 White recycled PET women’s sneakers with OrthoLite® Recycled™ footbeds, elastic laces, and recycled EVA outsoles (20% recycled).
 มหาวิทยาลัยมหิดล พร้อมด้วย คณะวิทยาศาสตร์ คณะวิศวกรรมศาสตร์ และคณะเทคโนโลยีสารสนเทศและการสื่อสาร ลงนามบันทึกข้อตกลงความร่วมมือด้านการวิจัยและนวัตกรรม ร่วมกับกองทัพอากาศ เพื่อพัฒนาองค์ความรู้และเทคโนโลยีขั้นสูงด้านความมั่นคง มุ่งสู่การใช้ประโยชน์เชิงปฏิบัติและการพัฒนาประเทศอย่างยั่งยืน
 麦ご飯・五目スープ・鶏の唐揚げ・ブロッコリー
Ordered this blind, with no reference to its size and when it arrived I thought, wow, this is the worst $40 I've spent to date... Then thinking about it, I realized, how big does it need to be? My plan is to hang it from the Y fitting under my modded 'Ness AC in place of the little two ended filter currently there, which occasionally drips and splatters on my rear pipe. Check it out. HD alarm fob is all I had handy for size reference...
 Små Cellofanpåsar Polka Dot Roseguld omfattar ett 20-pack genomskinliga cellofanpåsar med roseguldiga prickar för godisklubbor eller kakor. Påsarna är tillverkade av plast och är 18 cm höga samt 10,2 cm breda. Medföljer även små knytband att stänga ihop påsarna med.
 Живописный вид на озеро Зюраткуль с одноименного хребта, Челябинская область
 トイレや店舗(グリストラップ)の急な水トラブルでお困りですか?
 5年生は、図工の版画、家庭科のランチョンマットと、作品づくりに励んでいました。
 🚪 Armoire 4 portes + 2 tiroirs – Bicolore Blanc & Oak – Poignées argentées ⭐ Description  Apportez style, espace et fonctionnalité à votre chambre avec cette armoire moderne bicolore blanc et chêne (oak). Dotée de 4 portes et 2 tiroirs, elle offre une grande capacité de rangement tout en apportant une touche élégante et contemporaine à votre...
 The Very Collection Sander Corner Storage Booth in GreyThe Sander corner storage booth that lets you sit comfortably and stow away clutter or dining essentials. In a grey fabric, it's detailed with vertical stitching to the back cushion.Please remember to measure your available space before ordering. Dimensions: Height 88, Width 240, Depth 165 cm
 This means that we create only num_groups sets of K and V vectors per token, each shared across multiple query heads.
-------
#### What to produce
Going through the entries above, report how many lines contain the word "that", with no other text.

#### Exercise solution
2